My Dad had a saying about “seeing how the other half live”. Of course, these days the politicians talk about how “the 1%” live. During my recent trip to Germany with my rally companion, Harald von Langsdorff, I got a brief look at how “the 1%” live at a Formula 1 race at the Nurburgring.
There are two tracks at the Nurburgring – a modern, spacious, safe Grand Prix track and the old, tight, less safe former Grand Prix track. This discussion focuses on the new Nurburgring track that emerged after the terrible accident involving Niki Lauda during the 1976 German Grand Prix while racing on the old Nurburgring track. After that accident the German Grand Prix was held at the Hockenheim race track. In 2007 an agreement was reached in which the German Grand Prix would alternate between the Hockenhiem track and the new Nurburgring track.
At the new Nurburgring track, Harald had made arrangements for us to stay for a night at the Dorint Hotel which is located right on the race track.
Entrance To The Dorint Hotel At Nurburgring (by the way Bitburger Pils is a very good beer)

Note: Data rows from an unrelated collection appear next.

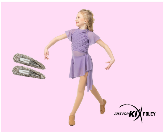
Mini Lyrical: Grades 4-7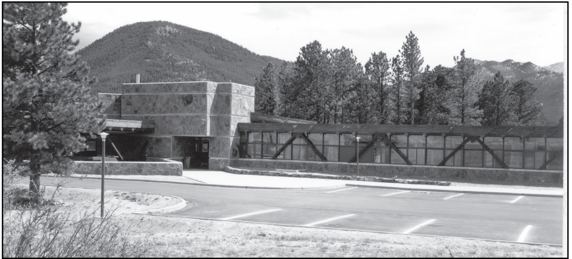
Beaver Meadows Visitor Center (BMVC) in 1967. BMVC was designed by architects mentored by famous Mid-century Modern architect Frank Lloyd Wright.

In 1963, a document was published by the National Park Service titled “Wildlife Management in the National Parks”, more commonly known as the Leopold Report. This document envisioned national parks as “vignettes of primitive America” where scientists could study plants and animals in a non-developed state.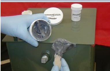
Apply PowerPatch over putty patch or leak area

Empty all the contents of the Part B Cup into the larger, Part A Cup. Mix for about 1 to 2 minutes until the mixture is a uniform gray color.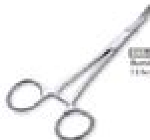
DUNHILL Dunhill Artery Forceps 12.5cm, Curved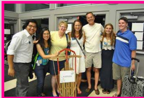
One of the most exciting parts of the first Staging and Orientation weekend is meeting one's host family for the first time.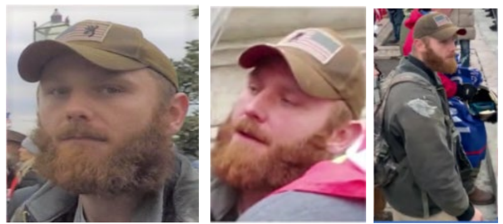
Images 1, 2, and 3 (left to right): Photographs Shown to Witness 1 and Witness 2

2. On October 21, 2021, the FBI Chicago Field Office interviewed an individual ("Witness 1") who has a personal relationship with SHULER. Witness 1 visually identified SHULER using photos taken from the Capitol grounds. See Images 1–3 below. Witness 1 also provided information about SHULER's Facebook account.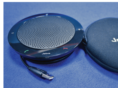
USB conference mic and speaker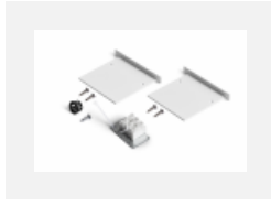
04-00100, W 2xend cap - metal, 3- conductor terminal box, grommet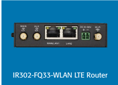
IR302-FQ33-WLAN LTE Router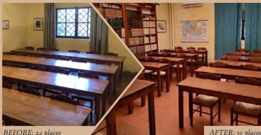
BEFORE: 24 places

But how to make the classrooms larger? To solve the problem, we had to disassemble, saw, narrow and reassemble all the tables in the classrooms. This allowed us to fit more tables, and therefore have more places in a classroom. Everything is now ready for the seminarians!

The hotel is a modern building with all sorts of automotive themed decorations throughout the building. Particularly interesting is a small bar located on the main floor with photos and rally plates covering the walls.
One of the items that I noticed was an automotive toy made of discarded parts that sort of resembled a Grand Prix car. On the toy someone had affixed a Wolf Formula One decal. This brought back memories of Canadian Walter Wolf’s brief fling with Formula One team ownership in the 1970s. The Wolf Formula One Team managed to win the first race it ever entered when Jody Schecter won the 1977 Argentina Grand Prix!
Anyone Remember the Wolf Formula One Team?
Our hotel room had a nice balcony with a great view of the Nurburgring race track. Our room was along the portion of the track where the cars would be gridded. Below are some views from our hotel room.
Our View of the Start/Finish Area From the Hotel Room Balcony
Our View of the Coca Cola Kurve with the old Nurburgring Track and Nurburg Castle in the Background
As you can see, the balcony our hotel room would be great place to watch the German Grand Prix at Nurburgring. In many ways, it reminded me of a “skybox” that I once had the opportunity of being in at the Sky Dome in Toronto watching a baseball game. Within the room, there was a television system that presented a view from about four cameras that are positioned around the track.
In-Room Television Allows Viewing from Cameras Around the Nurburgring Track
We don’t know how much the hotel would charge for this room during the German Grand Prix weekend, but we are sure that it would be huge. It appears that access to the hotel can be controlled, so we suspected that even if you had rented a hotel room, then you would still have to buy the appropriate track pass. This would prevent someone from renting the hotel room and then inviting 20 of his closest friends up to his room for a visit during the race.
While we were at the hotel at the Nurburgring track during a normal day, it was interesting to see the view of the track that would be seen during the German Grand Prix by the “1%”.